Two runners begin running towards each other at the same time from opposite ends of a 200 meter track. If one runner runs at a constant speed of 9 meters per second, and the other runner runs at a constant speed of 7 meters per second, how long will it take for them to meet?

We can sketch what is happening here:

---9 m/s--->................200 m....................<---7 m/s---

Now, you could use some 'relative speed' concept to answer this question, but instead, you can just ask "how does the distance separating these two runners change each second?" In the first second, the distance between them falls by 9 meters on the left, and by a further 7 meters on the right, so it will fall by a total of 9 + 7 = 16 meters. That happens each second, so the distance between them is falling at a speed of 16 meters per second. We need the distance between them to fall by 200 meters, so using the t = d/s formula, we find that it will take t = 200/16 = 12.5 seconds.
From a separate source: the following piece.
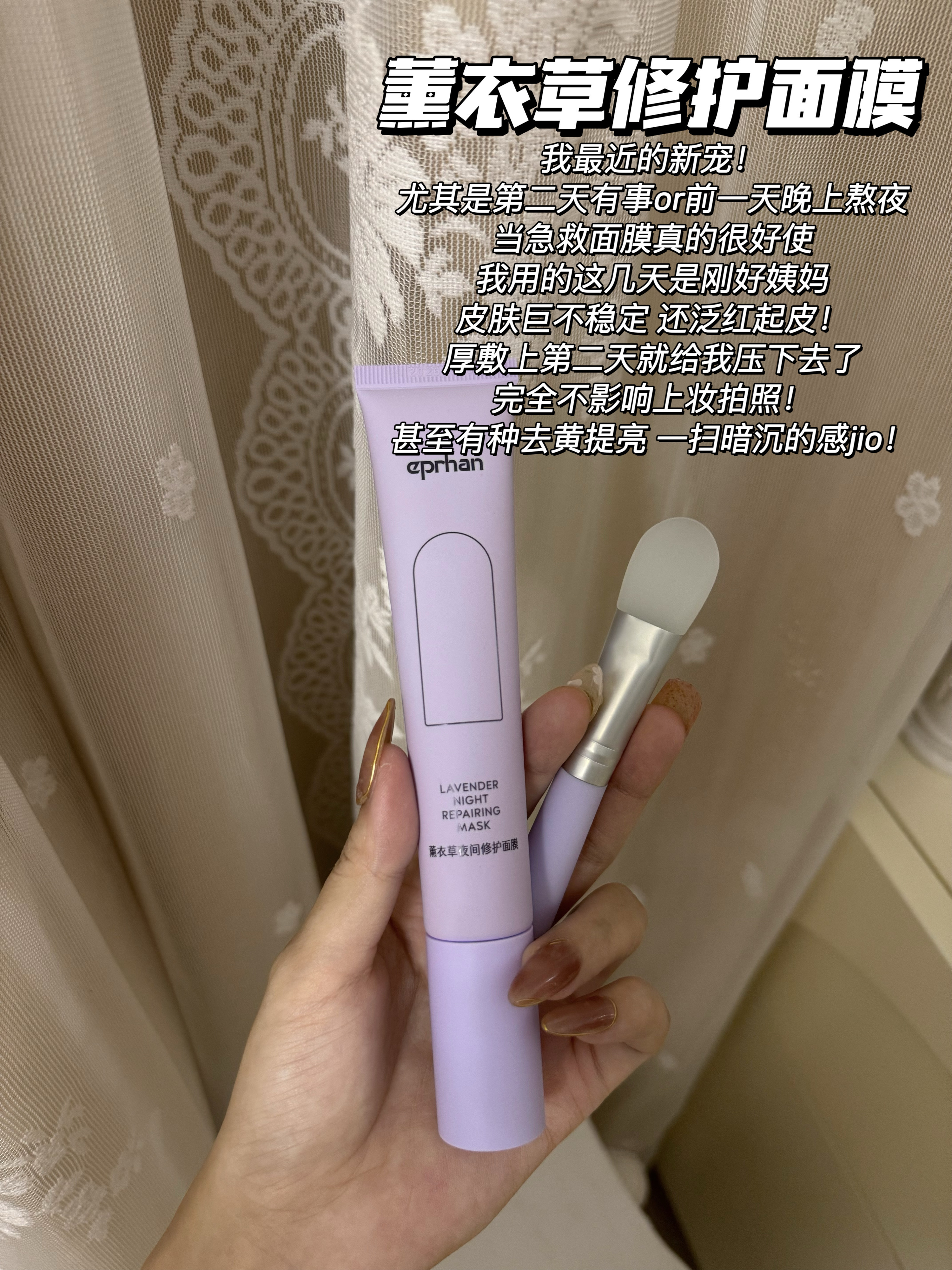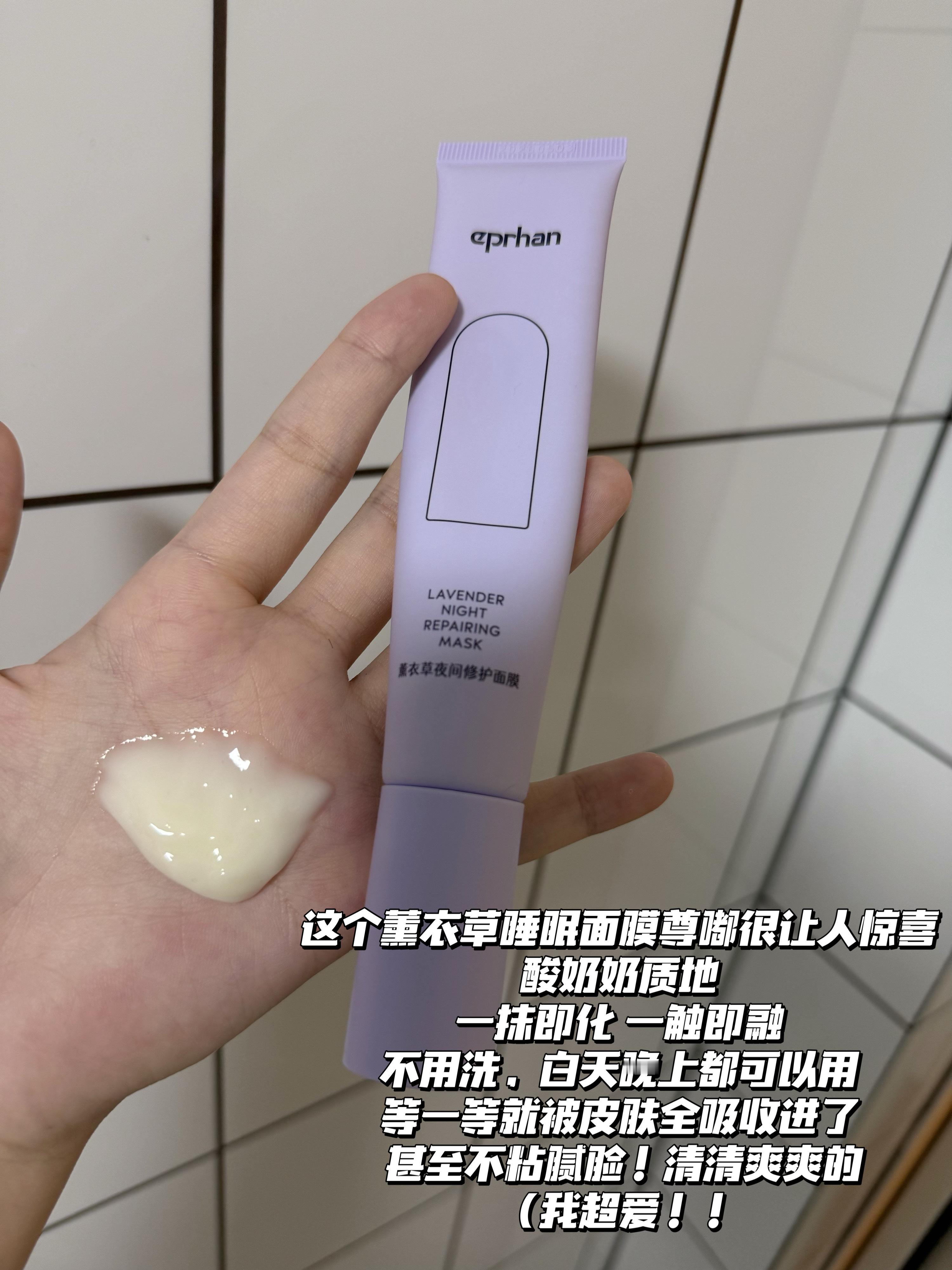 【薰衣草睡眠面膜】 是我最近一直在找的那种不用洗的睡眠面膜!我以为不洗在脸上会很粘!用了一次就发现完全不会!一会会儿就完全吸收了!很好用!尤其是在皮肤状况不好的时候,厚敷一下直接稳定!感觉会是我未来的常购选手!

You can do the same when your runners run in the same direction:

Two sprinters begin a race at the same time, running in the same direction. If the faster sprinter runs at a speed of 10 m/s, and the slower sprinter runs at a speed of 8.5 m/s, how long will it be before they are 9 meters apart?

Again we can sketch what is happening:

--------10 m/s--------->

-------8.5 m/s---->

Now in the first second, the distance between them grows by the difference in the speeds, so by 10 - 8.5 = 1.5 meters. So the distance between them is growing at a speed of 1.5 meters per second, and we want the distance to grow to 9 meters. Using t = d/s, we find it will take t = 9/1.5 = 6 seconds.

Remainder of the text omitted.